++++ Data shown
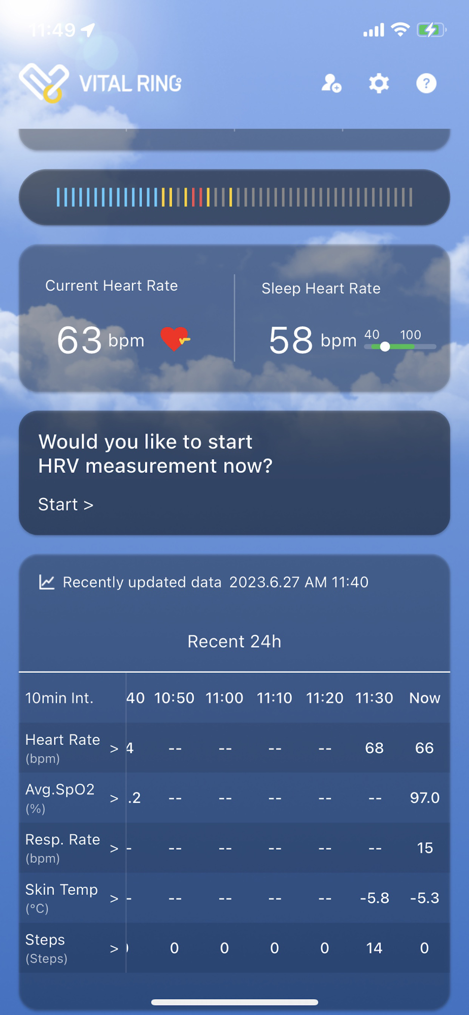 When you wear the VitalRing, it measures vital signs in real time and sends them to the app. You can always check major biometric data in the app.
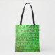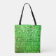 Un ancien Hiéroglyphes égyptien Sac fourre-tout vert avec des hiéroglyphes anciens gravés sur pierre en vert. Également disponible en violet, bleu, rouge et jaune.
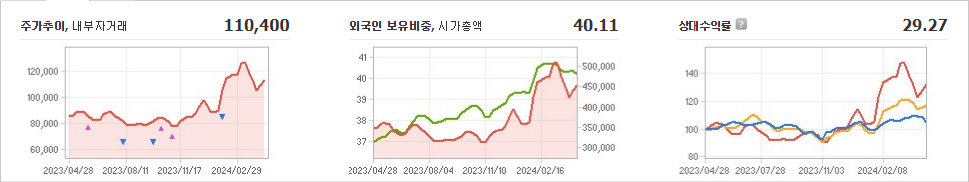 기아 주식은 현재 110,400원으로 거래되고 있으며, 전일 대비 -1,800원 하락한 상태입니다. 기아의 대주주인 현대자동차(외 4인)은 지분의 35.92%를 소유하고 있습니다. 기아는 자동차 제조업체로서 현재 주가는 110,400원이며, 시가 총액은 45조 7526억 원입니다. 전체 발행 주식수는 402,044,203주이며, 외국인 보유 비중은 40.11%입니다. 장중 거래량은 2,114,673주를 기록했습니다. 기아의 매출액은 998,084억 원입니다.
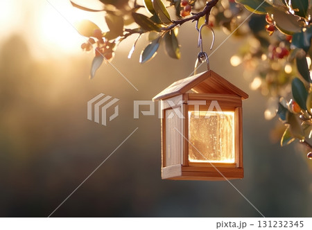 A small, wooden bird feeder hangs from a branch, bathed in the warm glow of the setting sun
++++++++
What to do >> Copy exactly, and only, the lines from the first line of the material through the line that contains "Un ancien Hiéroglyphes", both ends kept; no pictures.

Exercise solution >>
 When you wear the VitalRing, it measures vital signs in real time and sends them to the app. You can always check major biometric data in the app.
 Un ancien Hiéroglyphes égyptien Sac fourre-tout vert avec des hiéroglyphes anciens gravés sur pierre en vert. Également disponible en violet, bleu, rouge et jaune.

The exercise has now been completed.